Miami, your Waymo ride is ready
Adoption and User Experience
- Several commenters are eager to try Waymo in Miami, especially after bad Uber/Lyft experiences.
- Many report Waymo rides feeling safer, calmer, cleaner, more predictable, and more private (no chatty or reckless driver).
- Others describe unsettling experiences: odd routing, extreme slowness, a vehicle stuck on tram tracks, a pickup that left without them.
- Some women and parents reportedly prefer AVs over being alone with a human driver, even when that means violating ToS by sending kids alone.
Pricing, Economics, and Idle Fleets
- Confusion over unit economics: cars are expensive; one estimate is around $150k per vehicle.
- Waymo is often similar in price to Uber/Lyft, sometimes more, sometimes less (reports vary by city and over time).
- Commenters note that vehicles spend vast amounts of time idle between trips, suggesting current pricing isn’t demand-maximizing.
- Others argue prices are set by what users will pay, not cost, and that a premium is justified by a better experience.
Labor, Inequality, and Local Economic Impact
- A major thread: 30–40% of Uber/Lyft fares currently go to local drivers; AVs redirect that share to corporate profits, investors, and (indirectly) 401(k)s.
- Some see this as classic automation: like looms or typists, low-skill jobs disappear but society benefits long-term.
- Others emphasize wealth concentration, loss of a “backup net” job, and parallels to deindustrialization and political backlash.
- Debate over whether remote “fleet response” jobs are local, and whether they’ll be decent-paying vs offshore call centers.
City Form, Parking, and Traffic
- Optimists predict fewer private cars, consolidated charging depots on cheap land, and repurposed parking lots for higher-density uses.
- Skeptics note no visible transformation yet in cities that already have AVs; traffic and parking still feel as bad as before.
- Concerns about added “deadheading” miles and induced demand: more car trips, more congestion, “zombie lots” of AVs.
Safety, Weather, and Liability
- Many switch to Waymo after frightening human-driven rides; some would pay a premium for perceived safety.
- Others highlight AV failure modes: rain performance, power outages freezing fleets, track incidents.
- Liability is seen as murky; some expect personal insurance and courts to treat it similarly to human-caused crashes.
Public Transit and Broader Transport Mix
- Some argue the U.S. needs rail and buses more than robotaxis; others counter that AVs solve last-mile gaps and can themselves be buses.

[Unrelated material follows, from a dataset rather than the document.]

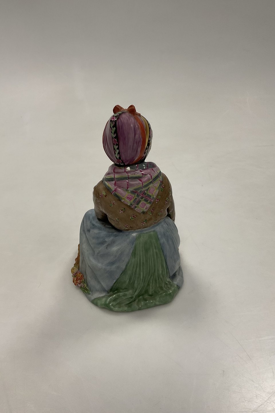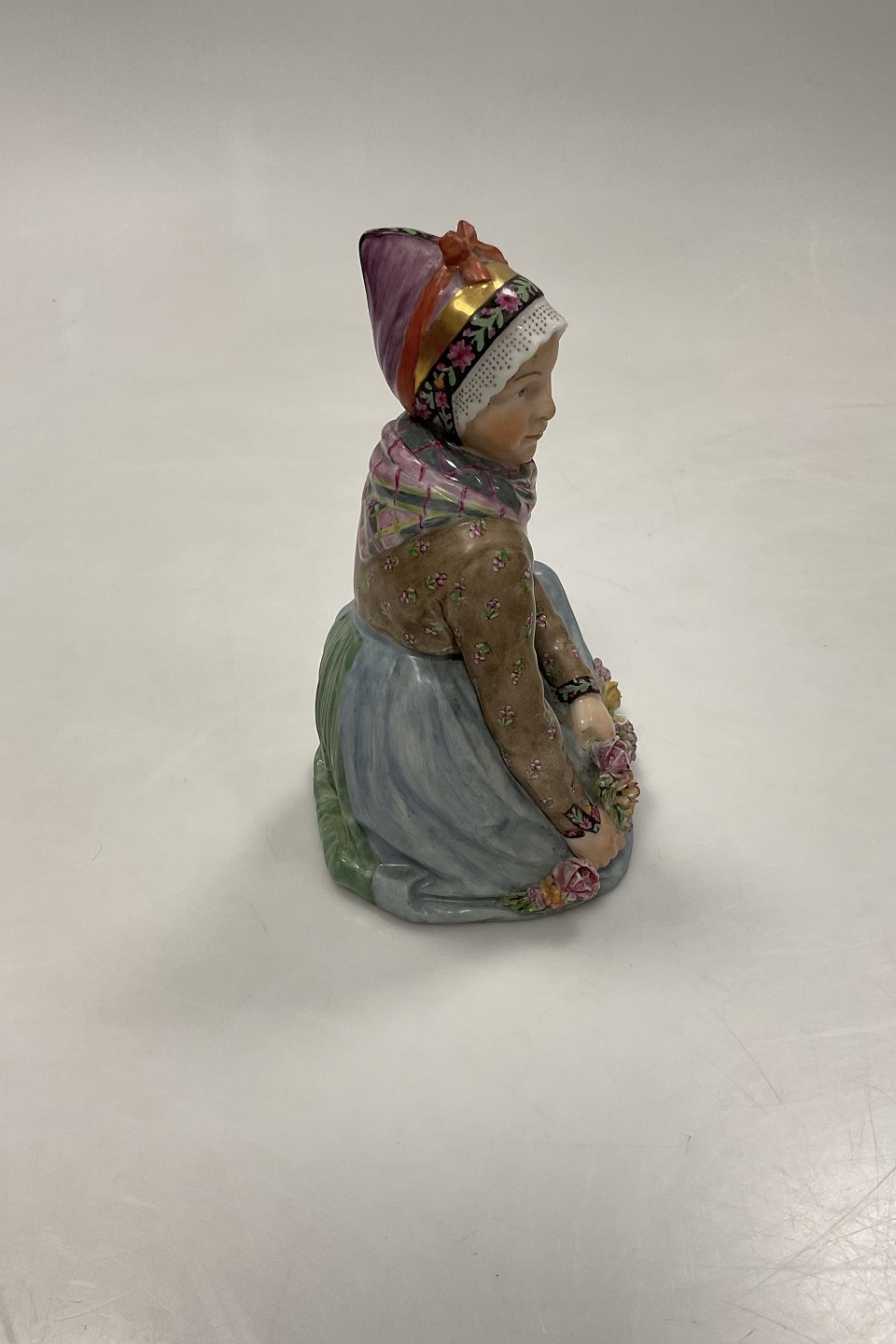 Royal Copenhagen Siddende Fanøpige af Carl Martin-Hansen No. 12413. Med Juliane Marie stempel. Måler 14,5 cm. 1. sortering, med små afslag på blomster - se billeder

- One discussion points out that driver salaries are a major share of transit agency costs, so autonomous buses could unlock more routes and frequency.
- General consensus that AVs are only one piece; walking, biking, and transit must stay central for healthy cities.

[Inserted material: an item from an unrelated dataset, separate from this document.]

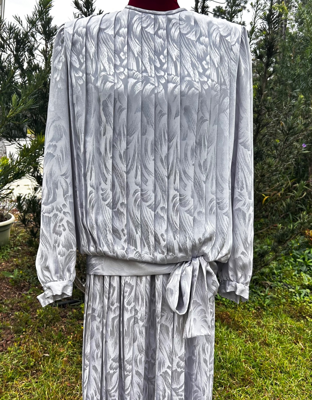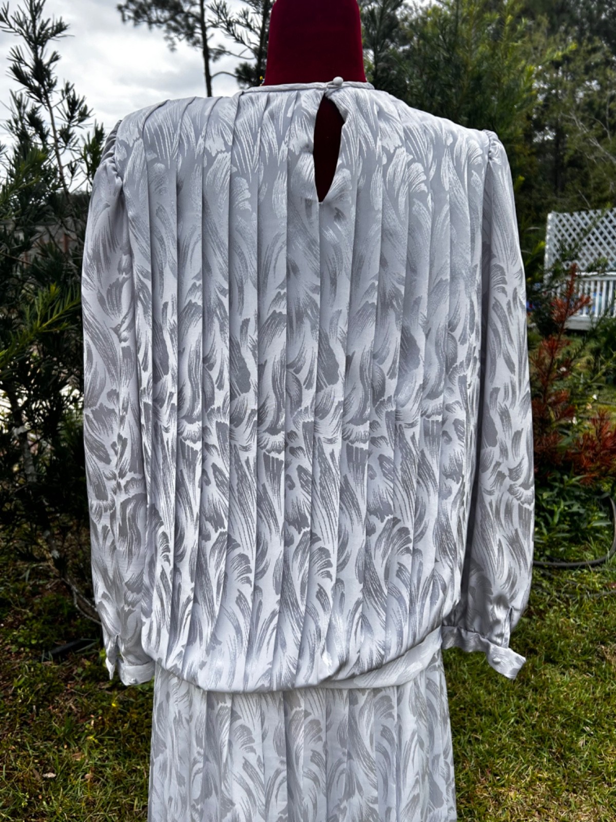 Vtg 80s Silver Jacquard Pleated Belted Blouse and Midi Skirt Set s 10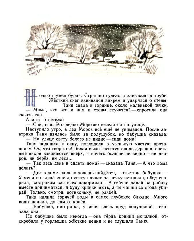 Описание:Ночью шумел буран. Страшно гудело и завывало в трубе. Жесткий снег взвивался вихрем и ударялся о стены.

Future of Car Ownership and Industry
- One camp expects ubiquitous AVs to slash car ownership and the total car market (especially for legacy OEMs).
- Others say at current or foreseeable prices, owning a car remains far cheaper for most households, especially for longer trips.
- Debate over whether future cost reductions and small single-passenger pods can change this calculus.
Privacy and Social Aspects
- Riders like not sharing confined space with a stranger, even if cameras and mics (usually disabled) record them for the company.
- Some miss serendipitous conversations with drivers and see AVs as another step toward social isolation.